Why are failed operations not cached ?

First let's define what caching build operations would likely mean. It would mean caching it's metadata bit, i.e. for tool spawns the user interface output and the exit code. Caching the actual (likely partial) file writes would be difficult to do since the actual file system state on tool error may be difficult to characterize.

Caching failed operations may report build errors more quicky for example if a build operation is slow in erroring and nothing changed as far as its operation stamp indicates.

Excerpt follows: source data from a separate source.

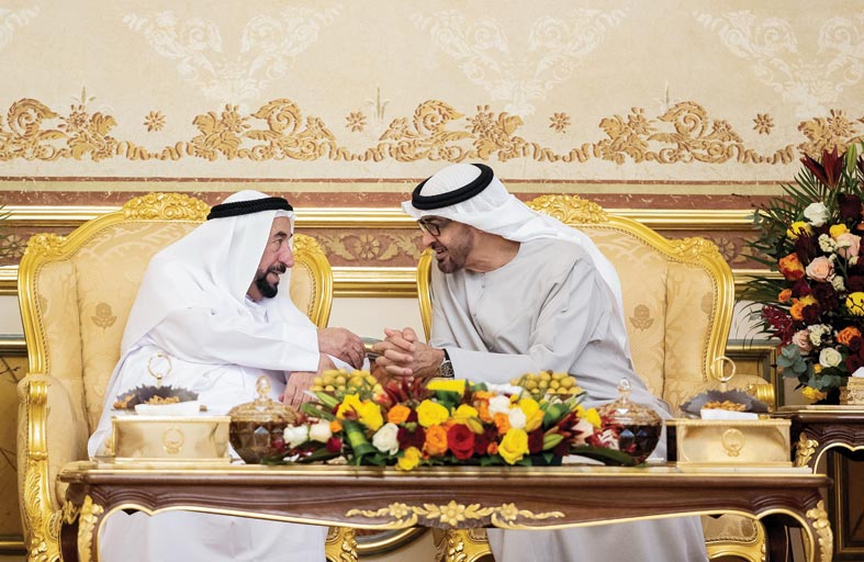 واستذكر سموهما دور المؤسسين ومن تسلم مسؤولية المسيرة المباركة بعدهم ..مشيرين إلى جهود المغفور له الشيخ خليفة بن زايد آل نهيان "رحمه الله" في مواصلة ترسيخ أركان نهضة الوطن وإنجازاته.
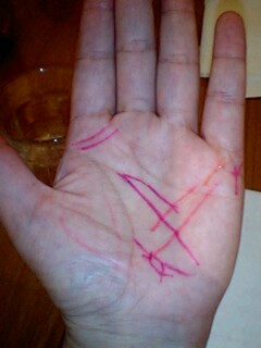 19日(日)は、神戸三宮で開催された、折原えなちゃんの 美人塾にお邪魔しました。 今回の美人塾は、 メイク+学びごと(講演など)の二本立て。 今回のゲストは、手相を見てくださる華与さん。 手相、奥深し・・・ 手相すなわち、手のシワは、最近では、 大脳生理学で、脳の特徴を表していることが分かってきています。 気づきいっぱいでした。 なかでも、面白かったのは、【マスカケ線】。 わたしには、左手に、100人に1・2人のマスカケ線があるらしい。 頭脳線と、感情線がくっついて、横一本線になっているものを、 マスカケ線と言うそう。 右手だったら「て」という文字が出ます。 左手だったらその逆の線が出ます。 この線の持ち主は、カリスマ性があるそう。へぇ~。 成功したら大成功、失敗したら大失敗。 その両極端な人生を歩む。 すこし前までは、結構それに憧れていたのだけど、 最近、それは、もういいや~という気がしています。 カリスマとよばれる人は、 ただ、「とても心豊かな人」ということを感じられる機会が多いの。 愛から、始まる人。 でも、家康や秀吉などの戦国武将にあった線と 聞いて、なんとなく納得。 過去に、刃を手で握ったあとのような気がする。 左手は、潜在意識下でもっているものだものね。 そして、右手には、【神秘十字線】がでていました。 頭脳線と感情線の間に、横にはしる線と運命線で、 クロスする十字の線を神秘十字線といいます。 ある人もない人もいます。 華与さんには、霊感が強いとあらわれるそう。災難をよけたり、事故等にあっても最小限ですんでみたりとか 間一髪助かった、先祖の徳で助けられたりとか 守られている相だということのよう。 ご先祖様、ありがとう♪ 【旅行線】 海外にもご縁があるそう♪ 生命線の下部から、月丘(手のひらの下部、小指側)に向けて 出る線を「旅行線」と呼び、別名海外旅行線と呼ばれています。 この線の持ち主は、海外に縁のある人が多く活動的。 初めての土地・海外にもすぐに適応できるでしょう。 やった~♪ そして、華与さんから、「この線上に、フィッシュが。」と。 えっ!? フィッシュとは、お魚の形をした、手相のこと。 「出逢いが、海外にあるかも・・・」と。 えっ! 英語、勉強しなきゃ~☆ ★主要三本線は、生命線、頭脳線、感情線。 わたしは、生命線、頭脳線、感情線、それぞれ2本 でていました。 どういうことかと言うと、 副生命線、副頭脳線、副感情線があるの。 生命力があり、頭脳がよく、愛情深い・・・らしい☆ 頭脳線は、さらに三本にわかれ、 理数系、バランス感覚、芸術感覚に優れているらしい。 理数系!? ここは、とっても疑問です(笑)。 ・・・どれだけ、すばらしいことを言ってくれるのか・・・と 思うほどでしたが、 人に、何かを伝えるときの伝え方、とても勉強になりました。 そして、わたしが大切にしなければ、ならないところは、 ・・・ナイショ♪ やっぱり、自分の記録にかいておこ。 ・わたし自身が、感情をコントロールすること。 ・思考を悲しみとつなげないこと。 ・愛深さから、人を導くのは、入り口まで。 そこで、選ぶのも、選ばないのも、本人の選択。 (ちょっと前の自分(感情がんじがらめ)に似たタイプの人を 見ると、なんとかしてあげたくなって、関わりすぎて、 自分のエネルギーがダウンするみたい。 共依存の関係を生み出すよう。 どうでもいいことに時間を費やすのも×。) 最近のメッセージは、 なんだか、共通してきました。 意識をひろげること。 その人を信じること。 イコールの関係を、自分のなかにもつこと。
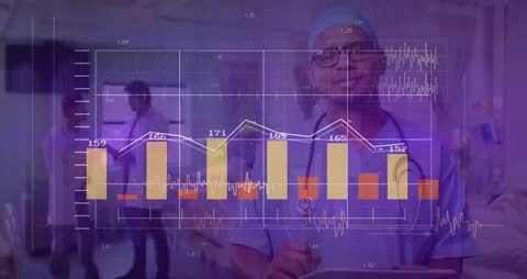 Doctors Analyzing Medical Data With Financial Screens In Background Videos
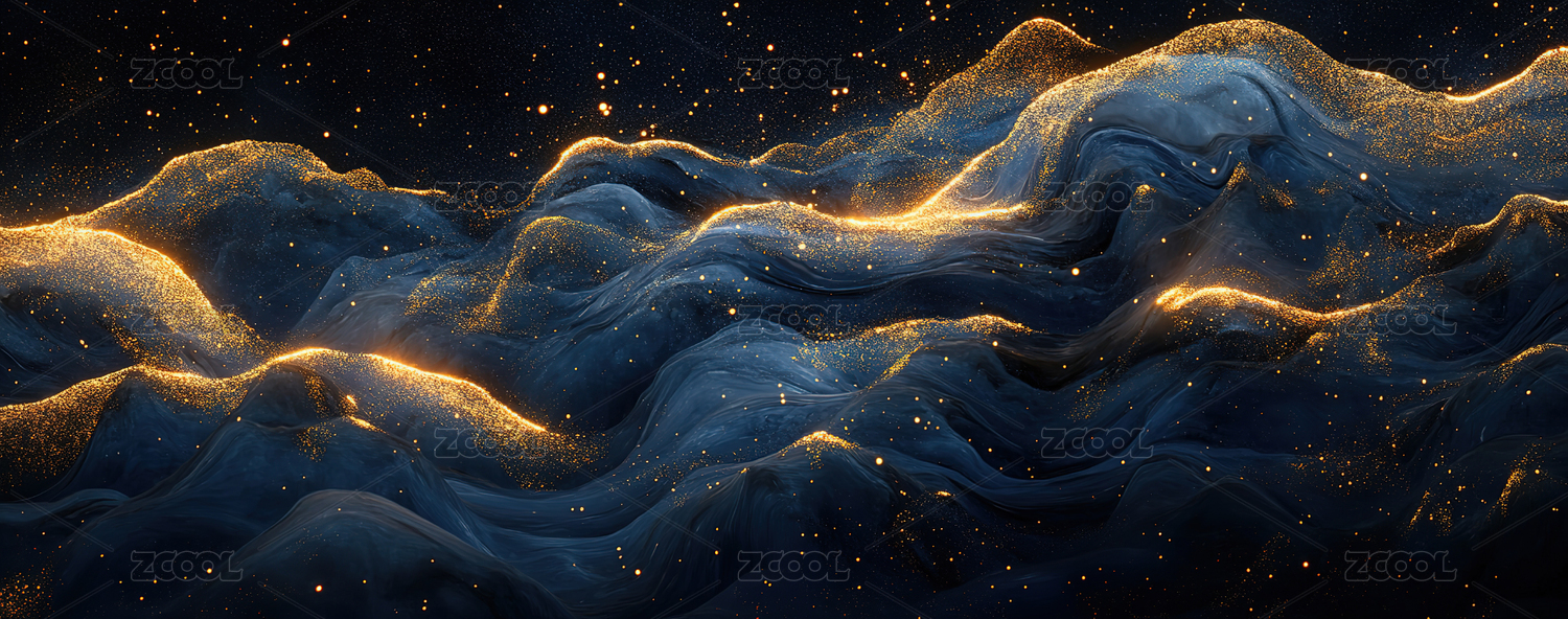 蓝色金箔渐变水墨肌理

One problem though is is that the failure may be due to a reason that is not captured by the operation stamp. In that case even though the problem may be resolved by the user, the operation stamp would not change and the operation would be revived as a failure rather than re-executed.

To give a concrete example, suppose an operation fails because of the file permissions of a file it reads. This file permission is not part of the build operation stamp (see this answer). So changing the file permission to make the build operation succeed would not only revive the old failure, but likely also output a puzzling error message unrelated to the current state of the system. The way out for the user is long head scratching ended by a clear of the cache for that operation. That doesn't feel like a great user experience.

It seems not caching failures leads to a better user experience for b0 based build systems, at least as long as this remains true. Also build failure information should be, most of the time, available in the build logs so it may not be necessary to reinvoke a long failing operation to get its error back.